At the same time, redis supports mode channels. That is, through the regular matching channel, if there is a mode channel pMagne1, when sending a message to the ordinary channel p1, it will match ppforce 1. Besides sending a message to the ordinary channel, it will also send a message to the client in the ppmae1 mode channel. Note that the normal channel in the issue command is used to match the existing mode channel, instead of setting the mode channel in the issue command, and then matching the channel saved in redis. The implementation is also very simple, there is a pubsub_patterns list in redis server (why not dict here? Because the number of pubsub_patterns is generally small, there is no need to use dict, simple list is fine), what is stored in it is the pubsubPattern structure, which contains schema and client information, as shown below, one pattern, one client, so if there are multiple clint listening to a pubsub_patterns, there will be multiple pubsubPattern in the list, saving the corresponding relationship between client and pubsub_patterns. At the same time, in client, there is a pubsub_patterns list, but it stores a list of the pubsub_patterns it listens on (that is, sds), not the pubsubPattern structure.
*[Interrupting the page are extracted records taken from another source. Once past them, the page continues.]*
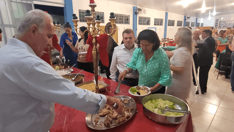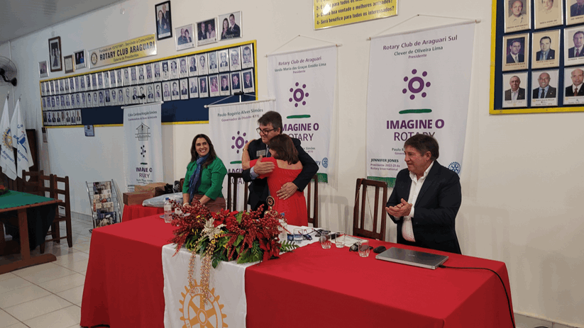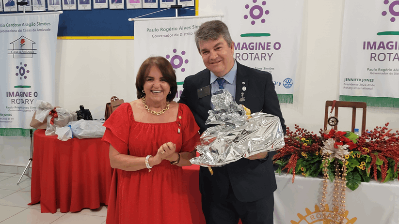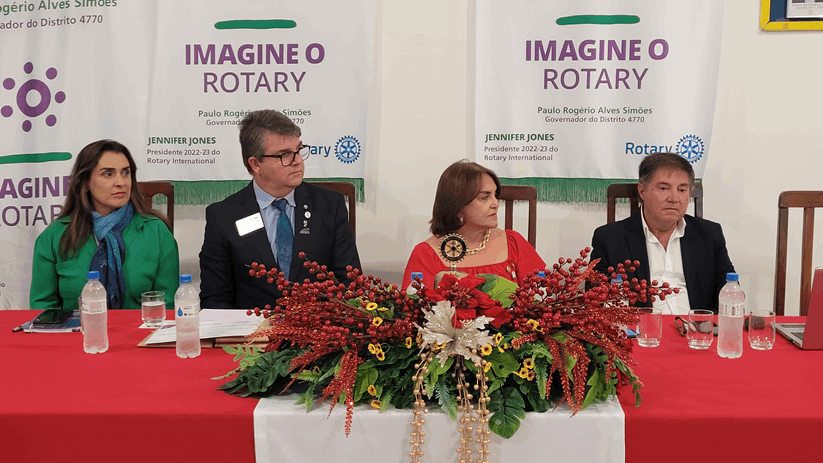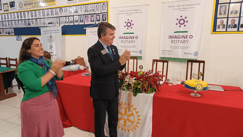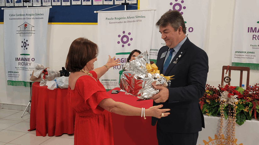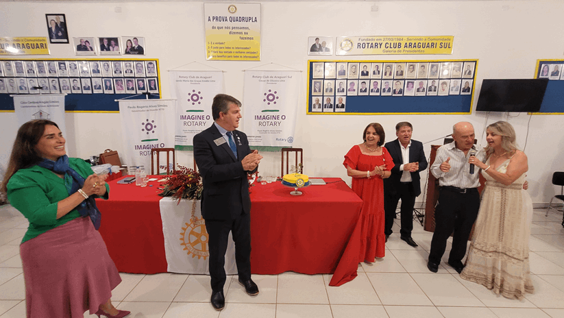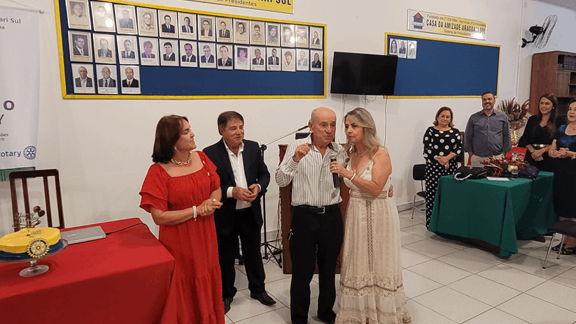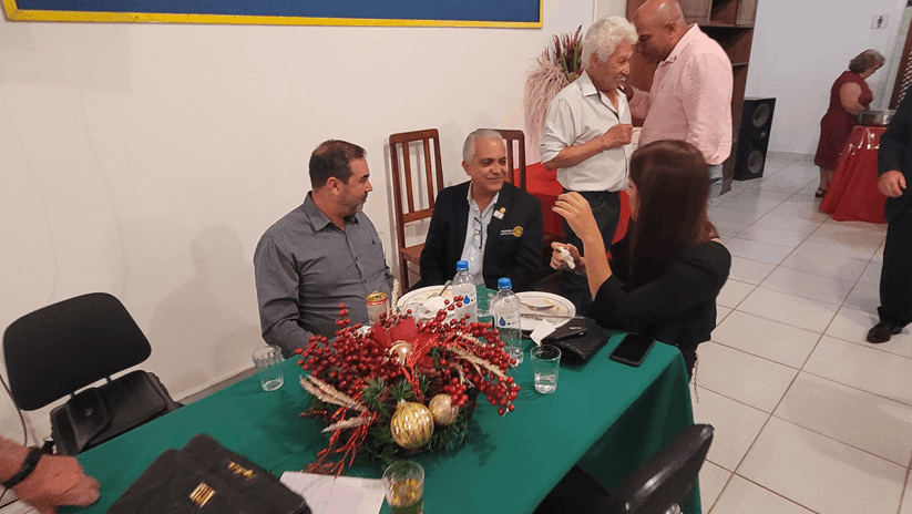 Foram ainda oferecidos muitos mimos, foram feitos muitos agradecimentos, cantou-se o tradicional “Parabéns a você” para o Governador Paulo Simões, aniversariante do dia 1º de dezembro, finalizando-se com a apresentação do nome da companheira Vanessa Klock como presidente do Rotary Club de Araguari, gestão 2023-2024.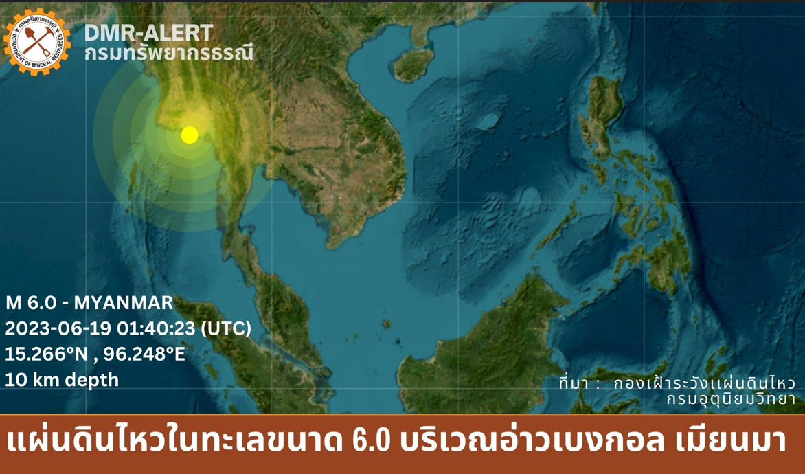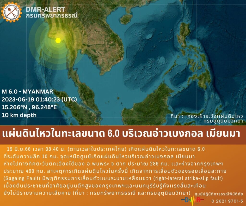 กรุงเทพฯ 19 มิ.ย.- กรมทรัพยากรธรณีเผย แผ่นดินไหวในทะเลขนาด 6.0 บริเวณอ่าวเบงกอล ประเทศเมียนมาเช้านี้ เกิดจากการเคลื่อนตัวของรอยเลื่อนสะกาย ซึ่งมีอัตราการเคลื่อนตัวประมาณ 2 เซนติเมตรต่อปี ส่วนที่รับรู้แรงสั่นไหวได้หลายพื้นที่ในกรุงเทพมหานครและใกล้เคียงเนื่องจากรองรับด้วยชั้นดินเหนียวอ่อน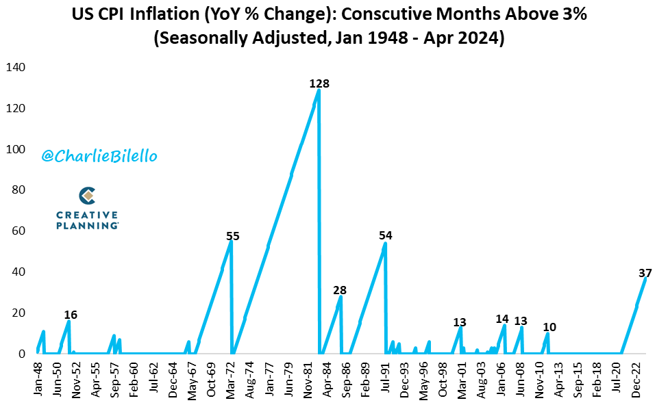 The US inflation rate has currently been above +3% y/y for 37 consecutive months – this is currently the longest inflation period since the late 1980s - early 1990s.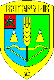 The soviet emblem was confirmed at November, 11, 1989. A shield per fale azure and vert. There is or bow accompanied two or shugar heads with argent tops in the field. In the canton a natural-colored chestnut branch in an azure field. There is word "KAHARLYK" in the chief of cartouche and crossed sickle with hammer in a base. The author is B.Shulevs'kyi. ![]() |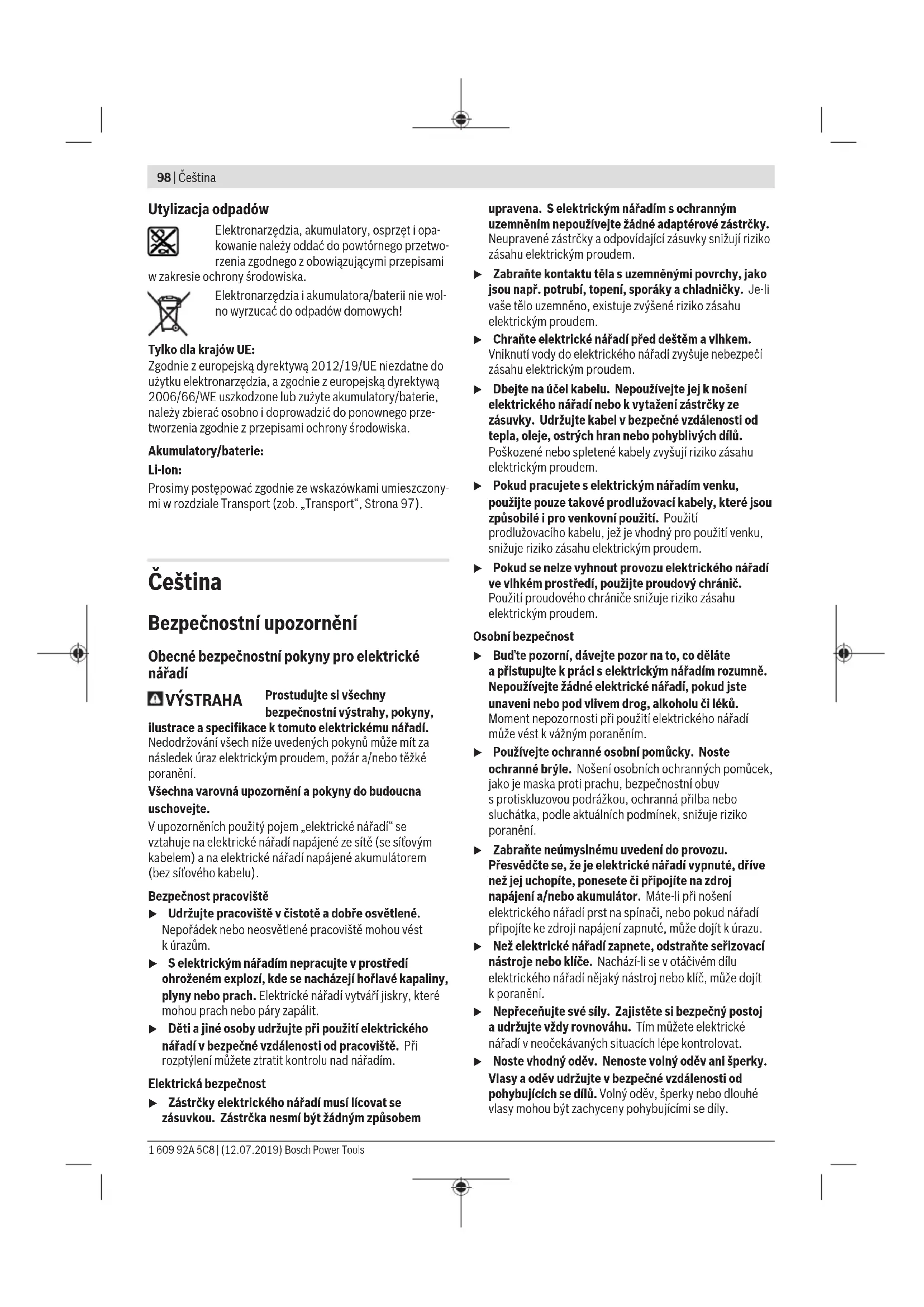 Wysoki zakres prędkości obrotowej – do wiercenia otworów o małych średnicach. u Przełącznik biegów należy zawsze przesuwać aż do oporu. W przeciwnym wypadku może dojść do uszkodze- nia elektronarzędzia. Termiczny wyłącznik przeciążeniowy Stosowanego zgodnie z przeznaczeniem elektronarzędzia nie da się przeciążyć. W przypadku zbyt silnego obciążenia lub po przekroczeniu dopuszczalnego zakresu temperatury roboczej dochodzi do zredukowania prędkości obrotowej. Elektronarzędzie pracuje z pełną prędkością obrotową do- piero po ponownym osiągnięciu dopuszczalnej temperatury roboczej. Automatyczna blokada wrzeciona (Auto‑Lock) Przy zwolnionym włączniku/wyłączniku (11) wrzeciono, a wraz z nim uchwyt narzędziowy są zablokowane. Umożliwia to wkręcanie wkrętów również przy wyładowa- nym akumulatorze lub używanie elektronarzędzia jako śrubo- kręta. Wskazówki dotyczące pracy u Przed przyłożeniem elektronarzędzia do wkrętu/śru- by należy je wyłączyć. Obracające się narzędzia robocze mogą ześlizgnąć się z nakrętki lub z łba śruby. Przed wkręcaniem większych, dłuższych śrub w twarde ma- teriały, zaleca się wykonanie nawiercenia na ok. 2/3 długo- ści śruby, o średnicy równej średnicy gwintu śruby. Do zdejmowania końcówek wkręcających oraz uniwersalne- go uchwytu na końcówki, można posłużyć się narzędziem. Zaczep do paska Za pomocą zaczepu (6) można wygodnie zawiesić elektrona- rzędzie, np. pasku. Dzięki temu obie ręce są wolne, a elek- tronarzędzie znajduje się w zasięgu ręki. Konserwacja i serwis Konserwacja i czyszczenie u Przed przystąpieniem do jakichkolwiek prac przy elektronarzędziu (np. prace konserwacyjne, wymiana osprzętu itp.), a także na czas transportu i przechowy- wania należy wyjąć z niego akumulator. Niezamierzone uruchomienie włącznika/wyłącznika grozi skaleczeniem. u Utrzymywanie urządzenia i szczelin wentylacyjnych w czystości gwarantuje prawidłową i bezpieczną pracę. Obsługa klienta oraz doradztwo dotyczące użytkowania Ze wszystkimi pytaniami, dotyczącymi naprawy ikonserwa- cji nabytego produktu oraz dostępu do części zamiennych, prosimy zwracać się do punktów obsługi klienta. Rysunki techniczne oraz informacje o częściach zamiennych można znaleźć pod adresem: www.bosch-pt.com Nasz zespół doradztwa dotyczącego użytkowania odpowie na wszystkie pytania związane z produktami firmy Bosch oraz ich osprzętem. Przy wszystkich zgłoszeniach oraz zamówieniach części za- miennych konieczne jest podanie 10‑cyfrowego numeru ka- talogowego, znajdującego się na tabliczce znamionowej pro- duktu. Polska Robert Bosch Sp. z o.o. Serwis Elektronarzędzi Ul. Jutrzenki 102/104 02-230 Warszawa Na www.serwisbosch.com znajdą Państwo wszystkie szcze- góły dotyczące usług serwisowych online. Tel.: 22 7154450 Faks: 22 7154440 E-Mail: bsc@pl.bosch.com www.bosch-pt.pl Transport Załączone w dostawie akumulatory litowo-jonowe podlegają wymaganiom przepisów dotyczących towarów niebezpiecz- nych. Akumulatory mogą być transportowane drogą lądową przez użytkownika, bez konieczności spełnienia jakichkol- wiek dalszych warunków. W przypadku przesyłki przez osoby trzecie (np. transport drogą powietrzną lub za pośrednictwem firmy spedycyjnej) należy dostosować się do szczególnych wymogów dotyczą- cych opakowania i oznakowania towaru. W takim wypadku podczas przygotowywania towaru do wysyłki należy skonsul- tować się z ekspertem ds. towarów niebezpiecznych. Akumulatory można wysyłać tylko wówczas, gdy ich obudo- wa nie jest uszkodzona. Odsłonięte styki należy zakleić, a akumulator zapakować wtaki sposób, aby nie mógł on się poruszać (przesuwać) w opakowaniu. Należy wziąć też pod uwagę ewentualne inne przepisy prawa krajowego. Bosch Power Tools 1 609 92A 5C8 | (12.07.2019)98 | Čeština Utylizacja odpadów Elektronarzędzia, akumulatory, osprzęt i opa- kowanie należy oddać do powtórnego przetwo- rzenia zgodnego z obowiązującymi przepisami w zakresie ochrony środowiska. Elektronarzędzia i akumulatora/baterii nie wol- no wyrzucać do odpadów domowych! Tylko dla krajów UE: Zgodnie z europejską dyrektywą 2012/19/UE niezdatne do użytku elektronarzędzia, a zgodnie z europejską dyrektywą 2006/66/WE uszkodzone lub zużyte akumulatory/baterie, należy zbierać osobno i doprowadzić do ponownego prze- tworzenia zgodnie z przepisami ochrony środowiska. Akumulatory/baterie: Li-Ion: Prosimy postępować zgodnie ze wskazówkami umieszczony- mi w rozdziale Transport (zob. „Transport“, Strona97). Čeština Bezpečnostní upozornění Obecné bezpečnostní pokyny pro elektrické nářadí VÝSTRAHA Prostudujte si všechny bezpečnostní výstrahy, pokyny, ilustrace aspecifikace ktomuto elektrickému nářadí. Nedodržování všech níže uvedených pokynů může mít za následek úraz elektrickým proudem, požár a/nebo těžké poranění. Všechna varovná upozornění apokyny do budoucna uschovejte. Vupozorněních použitý pojem „elektrické nářadí“ se vztahuje na elektrické nářadí napájené ze sítě (se síťovým kabelem) ana elektrické nářadí napájené akumulátorem (bez síťového kabelu). Bezpečnost pracoviště u Udržujte pracoviště včistotě adobře osvětlené. Nepořádek nebo neosvětlené pracoviště mohou vést kúrazům. u Selektrickým nářadím nepracujte vprostředí ohroženém explozí, kde se nacházejí hořlavé kapaliny, plyny nebo prach. Elektrické nářadí vytváří jiskry, které mohou prach nebo páry zapálit. u Děti ajiné osoby udržujte při použití elektrického nářadí vbezpečné vzdálenosti od pracoviště. Při rozptýlení můžete ztratit kontrolu nad nářadím. Elektrická bezpečnost u Zástrčky elektrického nářadí musí lícovat se zásuvkou. Zástrčka nesmí být žádným způsobem upravena. Selektrickým nářad

Typedef struct pubsubPattern {redisClient * client; / / client robj * pattern; / / Mode} pubsubPattern for listening

When a user sends a message to a channel, it first looks for the channel in pubsub_channels in redis server, and then sends a message to its customer list. Then look for a matching pattern in the pubsub_patterns in redis server, and send a message to client. Duplicate customers are not removed here. Message may have been sent to a client in pubsub_channels, and then may be sent to the user again (or more) in pubsub_patterns. It is estimated that redis thinks this is the client's own problem, so it does not deal with it.

/ * Publish a message * / int pubsubPublishMessage (robj * channel, robj * message) {int receivers = 0; dictEntry * de; listNode * ln; listIter li;/* Send to clients listening for that channel * / de = dictFind (server.pubsub_channels,channel); if (de) {list * list = dictGetVal (de); listNode * ln; listIter li; listRewind (list,&li) While ((ln = listNext (& li))! = NULL) {redisClient * c = ln- > value; addReply (cMagneShared.mbulkhdr [3]); addReply (cMagneShared.messagebulk); addReplyBulk (cMagna channel); addReplyBulk (cMagnum message); receivers++ }} / * Send to clients listening to matching channels * / if (listLength (server.pubsub_patterns)) {listRewind (server.pubsub_patterns,&li); channel = getDecodedObject (channel); while ((ln = listNext (& li))! = NULL) {pubsubPattern * pat = ln- > value If (stringmatchlen ((char*) pat- > pattern- > ptr, sdslen (pat- > pattern- > ptr), (char*) channel- > ptr, sdslen (channel- > ptr), 0) {addReply (pat- > client,shared.mbulkhdr [4]) AddReply (pat- > client,shared.pmessagebulk); addReplyBulk (pat- > client,pat- > pattern); addReplyBulk (pat- > client,channel); addReplyBulk (pat- > client,message); receivers++;}} decrRefCount (channel);} return receivers;} VI. Summary

Generally speaking, redis has many more functions and more complex implementation than memcached. However, memcached is more focused on preserving key-value data (which is enough for most usage scenarios), while redis provides richer data structures and other functions. It can't be said that redis is better than memcached, but from a source reading point of view, redis may be a little more valuable. In addition, redis3.0 supports the cluster function, this part of the code has not been studied, we will follow up later.

After reading this article, I believe you have a certain understanding of the difference between Redis and Memcached, want to know more about it, welcome to follow the industry information channel, thank you for reading!